__ASSIGNED TASK__.
Using the data that follows, give again word for word the lines between the one holding "de votre fenêtre." and the one holding "Zara lilac midi", inclusive. Omit the pictures.

__EXERCISE DATA__.
-------
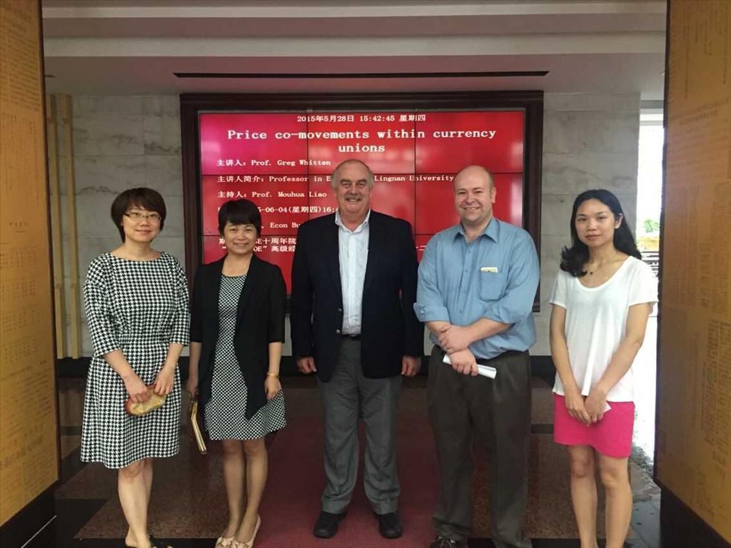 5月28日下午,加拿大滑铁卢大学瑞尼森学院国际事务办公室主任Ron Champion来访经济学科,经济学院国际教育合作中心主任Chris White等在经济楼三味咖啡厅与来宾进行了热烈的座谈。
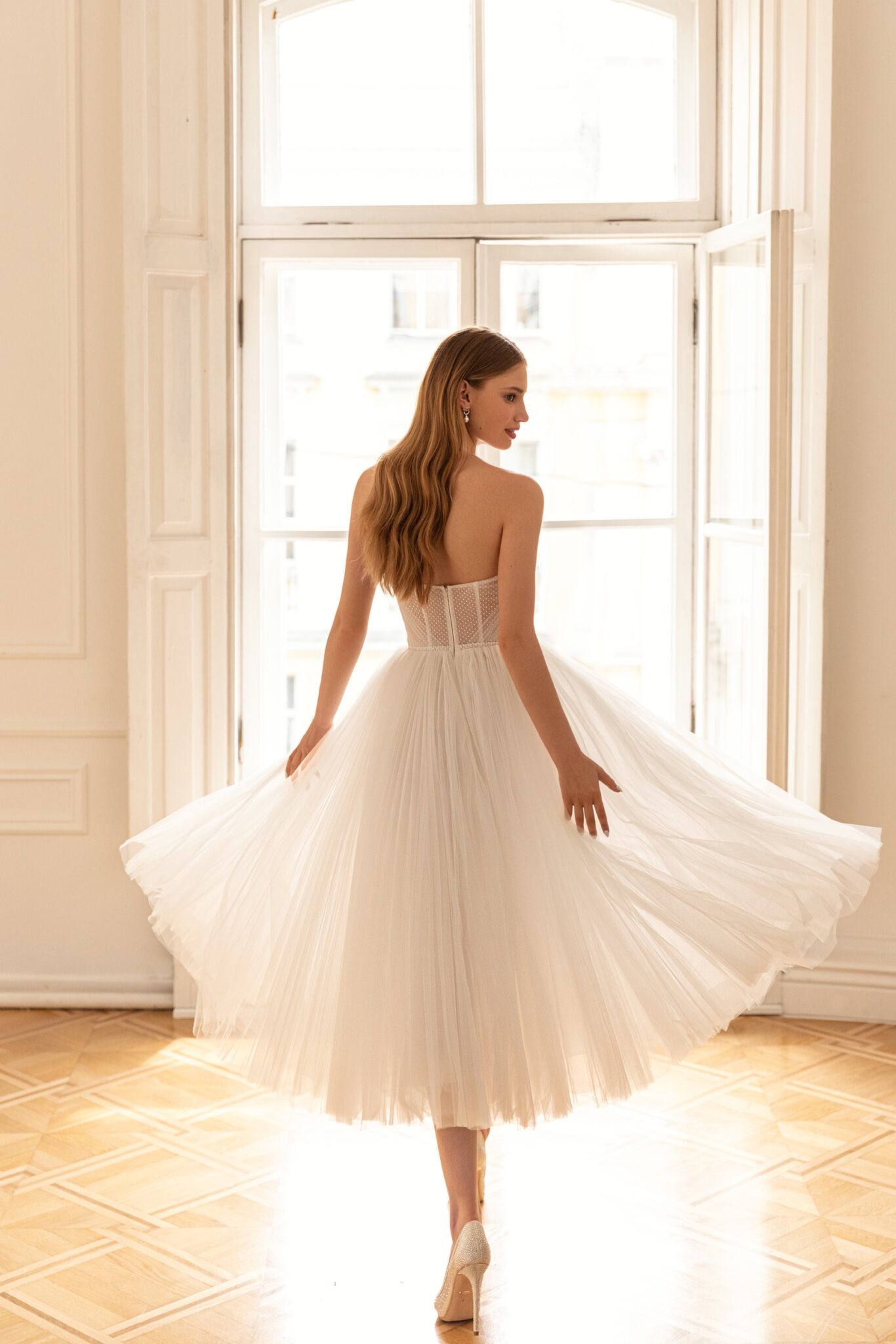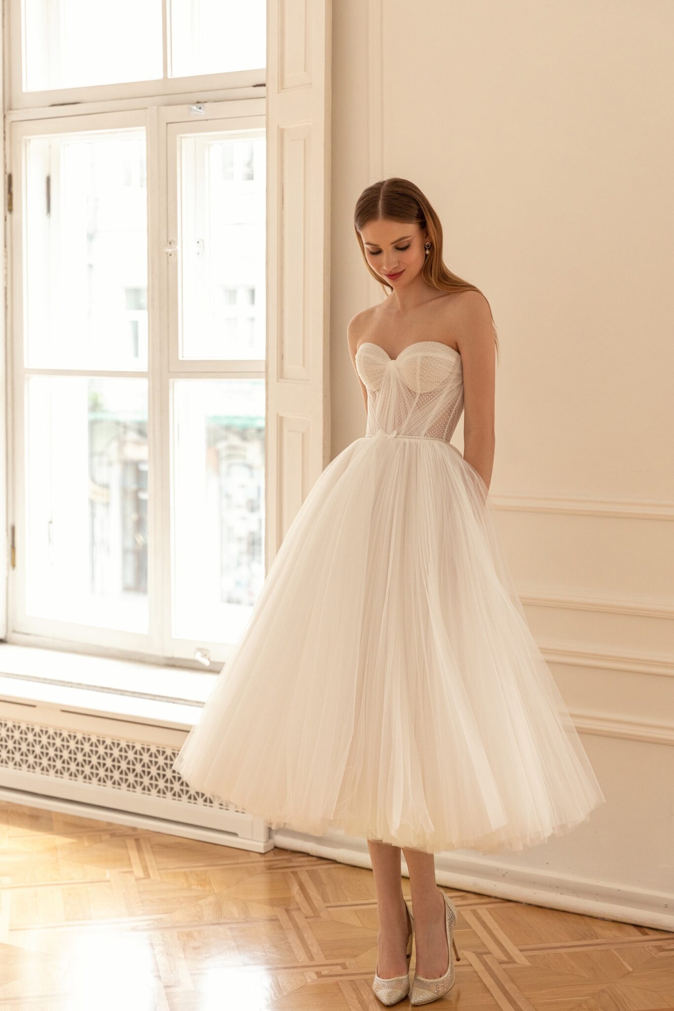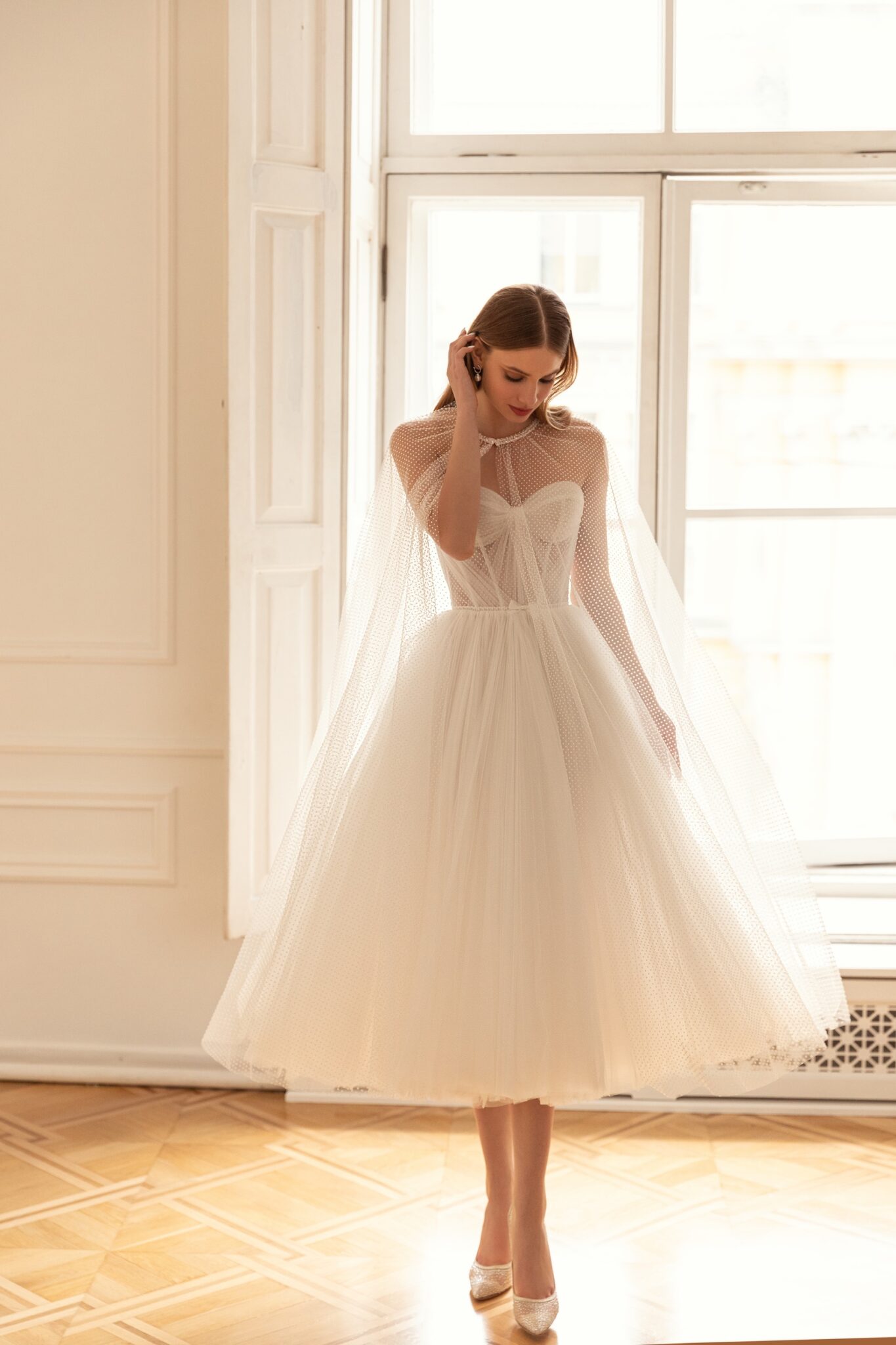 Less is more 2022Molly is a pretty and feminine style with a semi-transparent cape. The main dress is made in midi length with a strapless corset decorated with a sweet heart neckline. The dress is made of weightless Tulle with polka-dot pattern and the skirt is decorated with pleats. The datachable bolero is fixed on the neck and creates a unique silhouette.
-------
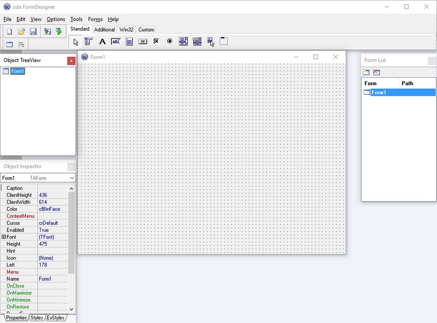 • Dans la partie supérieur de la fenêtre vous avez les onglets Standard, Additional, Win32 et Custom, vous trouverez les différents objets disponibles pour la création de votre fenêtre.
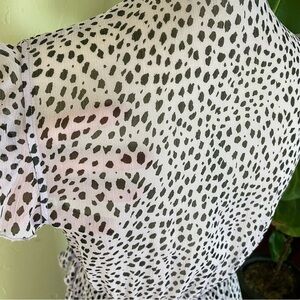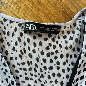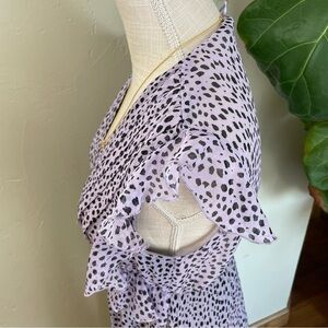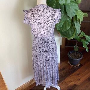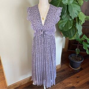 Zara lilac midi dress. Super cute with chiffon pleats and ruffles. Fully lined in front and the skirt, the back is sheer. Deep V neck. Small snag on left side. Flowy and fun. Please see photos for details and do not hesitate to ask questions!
-------
__EXERCISE SOLUTION__.
 • Dans la partie supérieur de la fenêtre vous avez les onglets Standard, Additional, Win32 et Custom, vous trouverez les différents objets disponibles pour la création de votre fenêtre.
 Zara lilac midi dress. Super cute with chiffon pleats and ruffles. Fully lined in front and the skirt, the back is sheer. Deep V neck. Small snag on left side. Flowy and fun. Please see photos for details and do not hesitate to ask questions!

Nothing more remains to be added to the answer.